* [INSTRUCTIONS TO FOLLOW]:
For this exercise, copy exactly the lines below from the one with "Pocas protecciones vas" through the one with "人気のお食事エプロン、オーガ" and leave out the pictures.

* [DATA SECTION]:
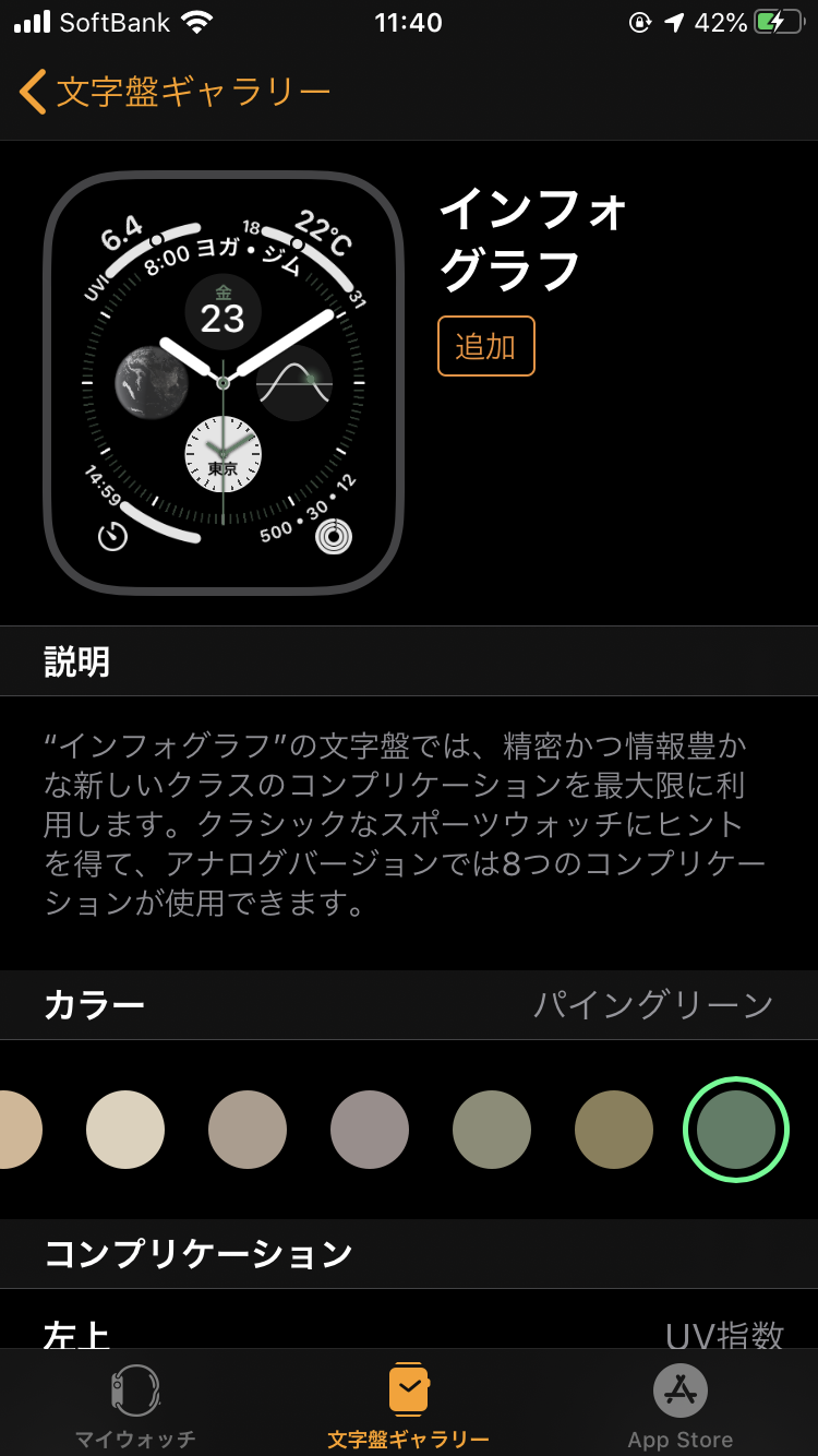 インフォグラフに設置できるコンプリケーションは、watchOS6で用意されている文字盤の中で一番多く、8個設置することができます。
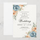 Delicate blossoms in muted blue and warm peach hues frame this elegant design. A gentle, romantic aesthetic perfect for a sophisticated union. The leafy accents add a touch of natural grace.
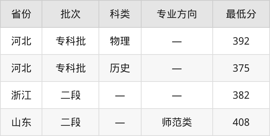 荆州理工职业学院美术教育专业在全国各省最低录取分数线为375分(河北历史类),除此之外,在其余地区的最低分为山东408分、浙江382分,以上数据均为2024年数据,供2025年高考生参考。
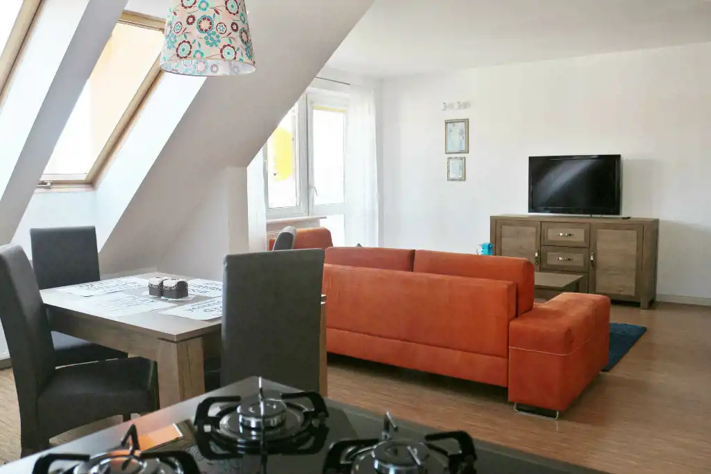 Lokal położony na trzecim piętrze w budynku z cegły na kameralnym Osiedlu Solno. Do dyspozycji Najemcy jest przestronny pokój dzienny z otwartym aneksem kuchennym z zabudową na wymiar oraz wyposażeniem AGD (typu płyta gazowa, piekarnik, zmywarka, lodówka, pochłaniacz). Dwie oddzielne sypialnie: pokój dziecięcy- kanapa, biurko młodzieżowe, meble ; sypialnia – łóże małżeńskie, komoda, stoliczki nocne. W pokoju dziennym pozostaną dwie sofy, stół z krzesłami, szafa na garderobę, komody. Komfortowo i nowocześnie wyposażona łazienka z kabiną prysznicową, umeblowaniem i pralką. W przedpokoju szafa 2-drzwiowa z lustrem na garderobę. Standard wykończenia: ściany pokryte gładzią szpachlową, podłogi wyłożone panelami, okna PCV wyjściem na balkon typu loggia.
--
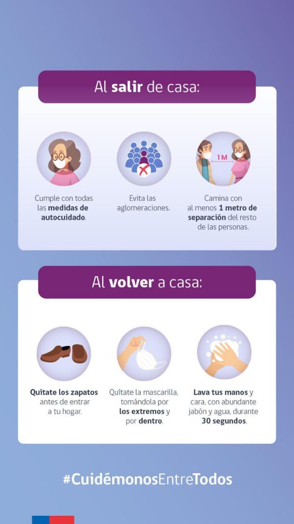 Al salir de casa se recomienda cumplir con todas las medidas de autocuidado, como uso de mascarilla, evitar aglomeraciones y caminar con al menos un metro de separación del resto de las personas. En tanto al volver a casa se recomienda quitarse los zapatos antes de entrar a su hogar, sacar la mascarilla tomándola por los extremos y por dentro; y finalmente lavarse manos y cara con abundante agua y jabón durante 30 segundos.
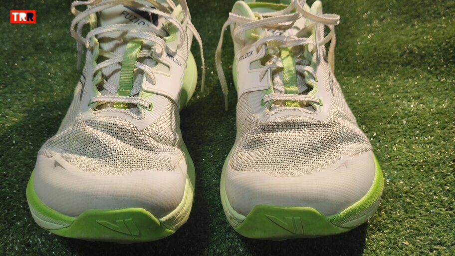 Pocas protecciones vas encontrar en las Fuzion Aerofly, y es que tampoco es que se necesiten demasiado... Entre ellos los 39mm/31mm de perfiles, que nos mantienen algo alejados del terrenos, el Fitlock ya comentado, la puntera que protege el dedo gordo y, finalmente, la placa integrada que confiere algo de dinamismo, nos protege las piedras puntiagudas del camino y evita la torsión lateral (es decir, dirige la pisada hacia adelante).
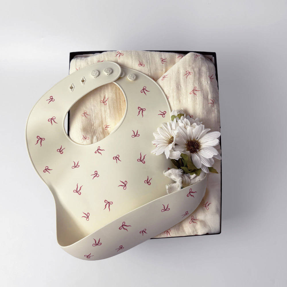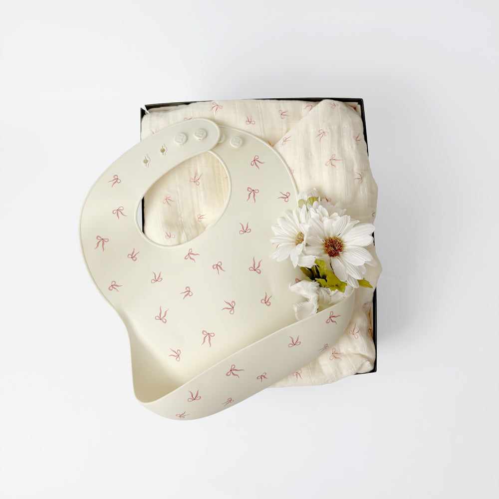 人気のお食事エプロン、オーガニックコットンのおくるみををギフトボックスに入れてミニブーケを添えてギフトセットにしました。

* [ANSWER FOR THIS EXERCISE]:
 Pocas protecciones vas encontrar en las Fuzion Aerofly, y es que tampoco es que se necesiten demasiado... Entre ellos los 39mm/31mm de perfiles, que nos mantienen algo alejados del terrenos, el Fitlock ya comentado, la puntera que protege el dedo gordo y, finalmente, la placa integrada que confiere algo de dinamismo, nos protege las piedras puntiagudas del camino y evita la torsión lateral (es decir, dirige la pisada hacia adelante).
 人気のお食事エプロン、オーガニックコットンのおくるみををギフトボックスに入れてミニブーケを添えてギフトセットにしました。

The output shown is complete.